In any case, you’re kinda screwed in the rain when it comes to moving forward. We pressed on briefly through the sprinkles, heading north along 385, but finally decided we really needed to pull over. We picked a turn-out that I’m CERTAIN is the same turn-out we’d picked in 2006 for the exact same purpose – putting on our rain gear. We donned our jackets, and took off again, but not too far up the road it started raining hard enough to the point where I just couldn’t see anymore.

Okay, so to recap: it’s raining, it’s slick, I’m getting soaked, and it’s time to pull off again. I realized, once we got stopped, that the turn-out I’d picked was at the highest point on the hill we’d been climbing. (Are they hills? Mountains? I guess compared to the Rockies, they’re hills. At this point in our ride, however, in my mind they were mountains. Impassable, never-ending, biker-eating mountains.) And the lightning was now directly overhead, cutting across the sky seemingly just 100 feet or so off the ground. At this point I happened to look across the road and saw my first deer of the entire trip. She was sitting there, chewing, and staring at us. Mocking us, protected as she was in a grove of trees. It was the last straw. The lightning, the rain, my wet clothes, and that stupid friggin’ deer were just too much, and my lower lip started to quiver. Hey, I may be a biker, but I’m still a girl. I reserve the right to cry at the drop of a hat. Hell, I could always blame it later on monthly hormones.

But I didn’t. I was stomping around at the turn-out, mad as hell, and happened to look over at Steve. “Hey now, it’s all part of the adventure. We’ll be fine, but we have to get off the top of the hill,” he said. So I cut off the impending tears and just got back on the damn bike, and rode it on down the hill. We could see brighter skies just a mile or so ahead, and knew we’d be out of it soon.

Except we weren’t. Instead of letting up, it continued to rain as we progressed slowly northward along 385. By the time we got to Lead, it was raining again pretty hard and the sky was completely overcast – as if the rain had settled in for a good long time. I had it in my mind that Spearfish Canyon was just on the north side of Lead, but once in Lead itself I realized I was unfamiliar with the roads. After riding through the middle of a neighborhood, I pulled off briefly across from the junior high school to reassess and then pressed on rather blindly.
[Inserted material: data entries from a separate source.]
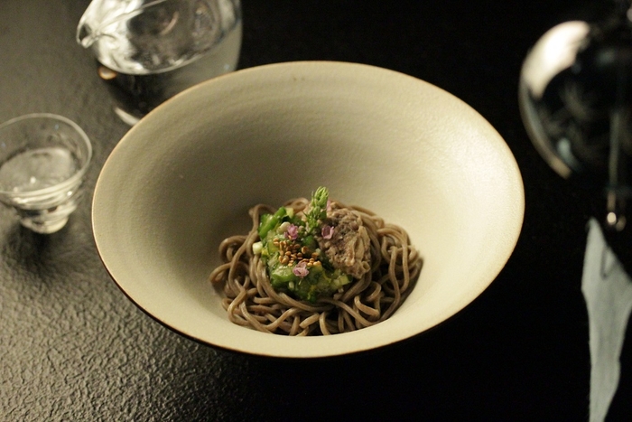 江戸時代、風鈴を付けて夜食用の蕎麦を売り歩いていた屋台が街には多くあり、風鈴の音を聞きつけた江戸の街の人々は、夜が更けてから酒を呑み、蕎麦を楽しんでいました。「東京・夏夜の宴」では、江戸の人々の粋な文化に倣い、星のや東京の1階にある立ち食い蕎麦屋「港屋2」で、強いコシと豊かな風味が特徴の蕎麦と夏の旬の食材を組み合わせた「風鈴そば」を宿泊者限定で提供します。港屋2の蕎麦にあわせるのは、ミョウガや大葉などの薬味とキュウリやナスといった夏野菜の出汁、江戸の人々が夏に好んで食べていたといわれる鯖です。一般的に鯖と言えば、秋鯖を連想しますが、歳時記では鯖は夏の季語で、江戸時代料理書でも夏の献立に鯖が使われています。(*)風鈴の音を聞きながら、黒い御影石のテーブルや照度を抑えた照明が特徴の空間で、冷えた日本酒とともに、暑い夜にぴったりのさっぱりとした「風鈴そば」を楽しめます。
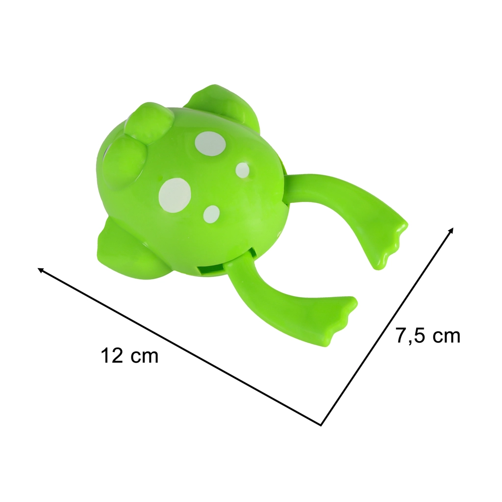 Descoperă jucăria de baie plutitoare broscuță, perfectă pentru distracția copiilor în apă. Ușor de utilizat, fără baterii necesare, fabricată din plastic durabil, dimensiuni: 12 x 7,5 cm.
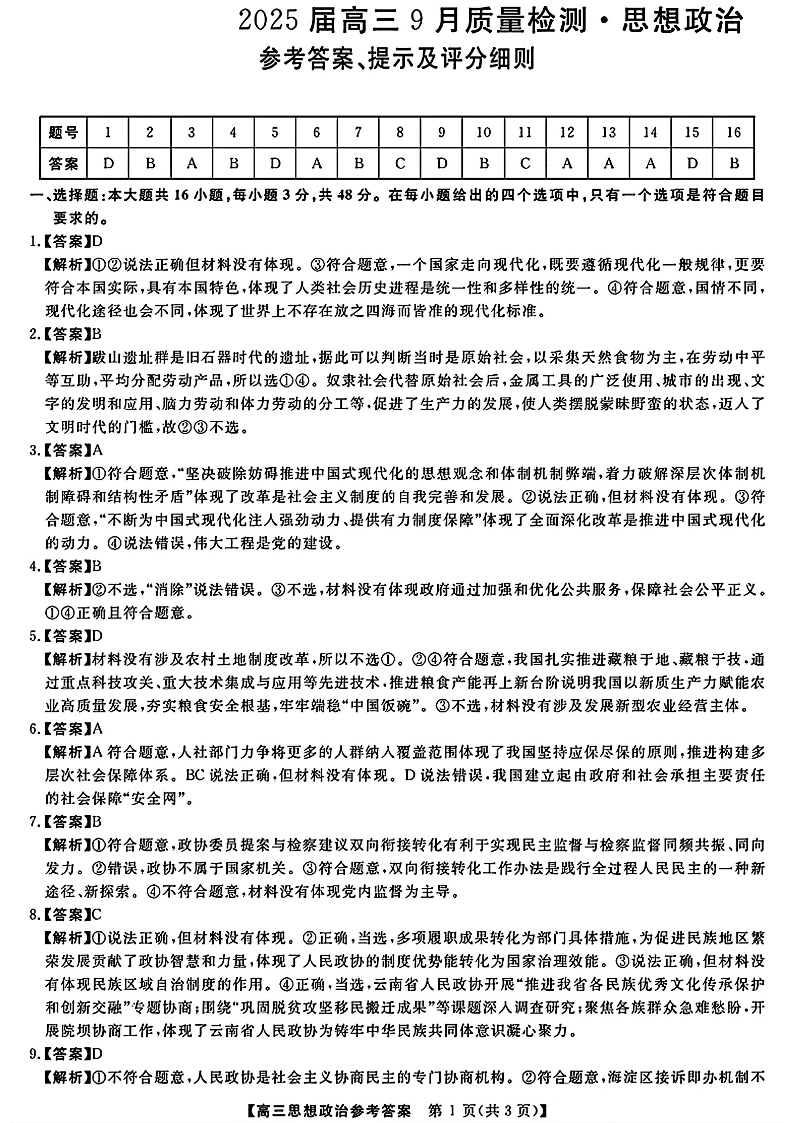 金科大联考·2025届高三9月质量检测+政治答案

We ended up in Deadwood, with the rain coming down, and I told Steve, “Screw Spearfish, I’m going to skip the canyon and just get home by the route that I know.”

We passed through Deadwood and shot out the other end heading north on Highway 85. By the time we reached I-90 to head west back to Belle Fourche, it stopped raining completely. The last few miles of the trip were run in relative safety. We arrived back at the motel having missed Spearfish Canyon, and completely soaked. Perhaps next time we would be smart enough to put the rain gear on BEFORE it started raining. Perhaps not.

One interesting note, this storm continued eastward and once it hit Sturgis (where we’d been just a couple hours before), it dumped baseball- and golfball-sized hail on everything from folks in cars to folks on bikes and folks camping in tents. As frustrated and near tears as I’d been, I was damn thankful that our share of the storm had merely been the rain.